I don’t understand, as I have never been subjected to the subtle behaviours that signify prejudice. The only way we’ll get this understanding is if people step out of the way in order to let people of different backgrounds compete on a level playing field to enter the leadership positions to make a real difference.
The majority of people shudder at the prospect of jeopardising their own comfy lot in life. The pathways to success we provide people with need to change in order to create a society that values diversity. How do we enable people to access opportunity in a more equal fashion?
I believe we do this by divorcing access to opportunity from academic success.
Schools success is often determined by your environment: your parents attitudes to school, the peers you’re surrounded with and the resources you have access to.
Peer groups, I believe, are the single biggest factor. If you’re surrounded with A* students, you too strive for an A*. If you’re in a class of pupils who hate school, you won’t try. These outcomes then determine how you access opportunity. Better grades opens up the field to more educational opportunities and more employment opportunities. This kickstarts the cycle of an upward trajectory.
The skills required to succeed in school, though, are very different from those required in the real world. Sure, some fields require knowledge of a specific variety, but much of this knowledge can be taught via on the job training. The skills built negotiating with rough kids not to beat you up could likely be transferred to an elite graduate scheme sales programme, but the opportunity is given to the person who was fortunate enough to attend university.

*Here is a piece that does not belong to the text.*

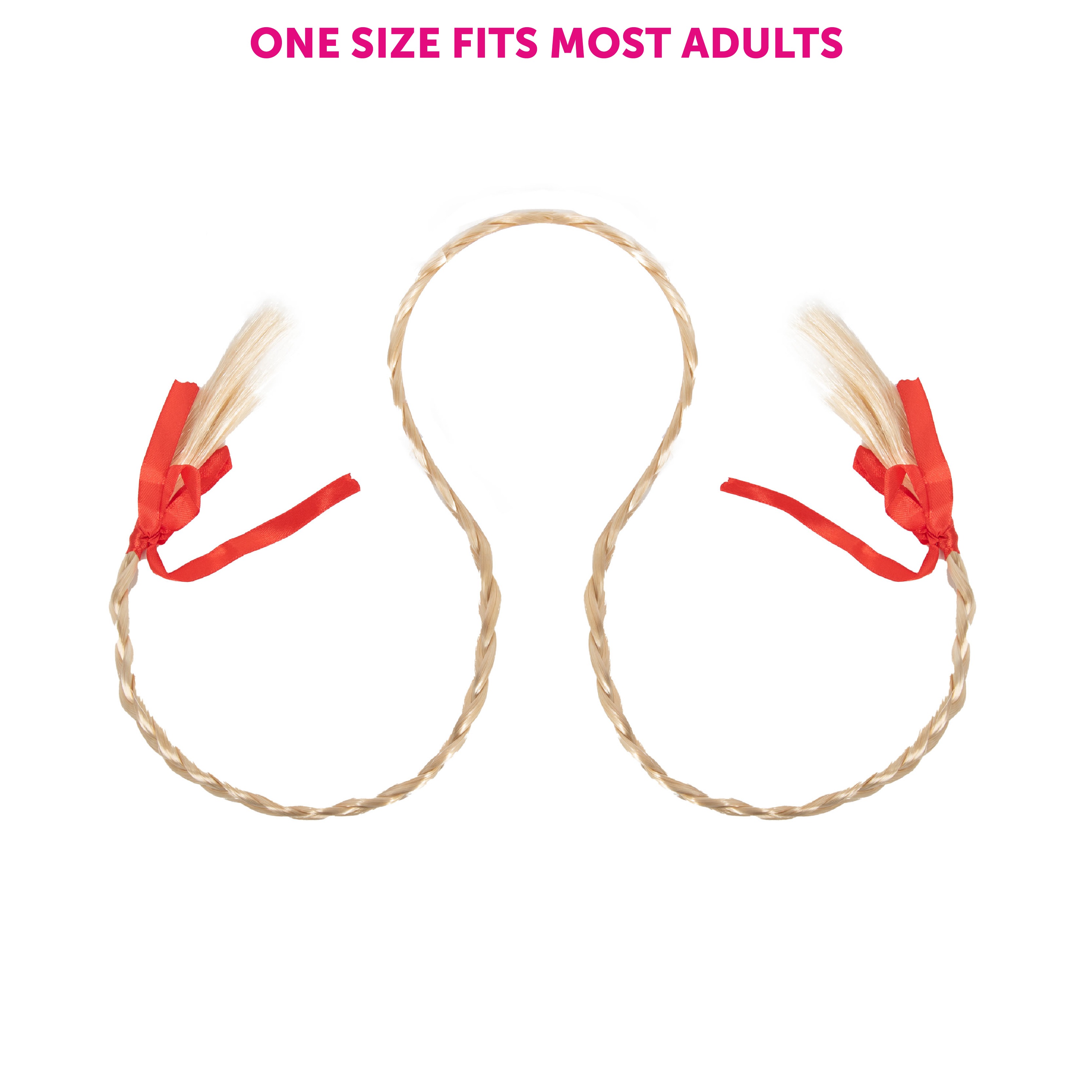 - Includes 1 x blonde plait headband with red ribbons
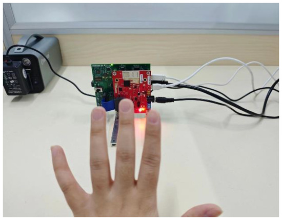 We meticulously collected six distinct gestures: wave, pinch, click, clap, circle, and swipe; each of them is a common hand movement that can be detected and recognized using a millimeter-wave radar. Here, to ensure the generalization and robustness of our dataset, we carefully selected a diverse group of 12 participants, varying in body types, to participate in the data acquisition process. This approach aimed to capture a wide range of movement patterns and physical characteristics, thereby enhancing the adaptability of our recognition system. Each participant was instructed to repeat each action 30 times, ensuring consistency and reliability in the data. A comprehensive dataset containing 2160 samples was created by multiplying the number of participants, the number of repetitions per gesture, and the total number of gestures. The actual radar gesture echo acquisition scene is displayed in Figure 2. As shown in Figure 2, it can be seen that the setup where participants performed the gestures was under controlled conditions, ensuring accurate and consistent data collection. The millimeter-wave radar and data acquisition card were connected to a portable power bank, which enabled data acquisition in different scenarios. During the data collection process, the distance between the hand and the millimeter-wave radar was controlled between 20 and 30 cm. This meticulous data collection process laid the foundation for the development and training of our LPVT network, facilitating its ability to accurately recognize and distinguish between different gestures.

Politics is full of Oxbridge graduates. I’d argue we’d be better off with people who’ve led gangs leading our country. They’d get more done. At least they’d be overt with their corruption.
In the majority of professions, academic success tells us nothing about a person’s ability to do the job, yet, the gap we create from primary school directly impacts the end result. Why judge people based on something they’re lucky to have received?Academic success is an abstraction of success in the workplace. Surely, we can come up with more direct indicators? How does the person perform tasks they’d be expected to perform on the job? What work results are they able to obtain? With the advent of online tools, we can create better tests for these skills.
Show people of different backgrounds the work we want them to complete, how to do it, and see if they can do it. Create direct links between a person’s skills and the jobs we need doing. Stop providing opportunities to the people who have done well at school, and using this as an indicator to guess they might continue to do well in our employ. That’s the sure-fire way to perpetuate inequality. School success is determined by background, not ability.
By doing this, I think we’ll find, the degree will make little difference to a person’s ability to perform the work. Opening up opportunity and how we enable people to access opportunity will be greater. I think we’re scared of the answer to this as it might just show us that our intelligence isn’t as great as we think, and that, given the opportunity, most humans will rise to the required levels.
“Show us you can actually do this job” should be our new mantra. Broaden the entry pathways to all professions. Remove the aspects of selection that relate to potential past privilege (such as education level) and link opportunity to a direct ability to achieve the outcomes required.
As Nassim Taleb says, “For if you think that education causes wealth, rather than being a result of wealth, or that intelligent actions and discoveries are the result of intelligent ideas, you will be in for a surprise.”
Education is the privilege of a wealthy society, and not the cause.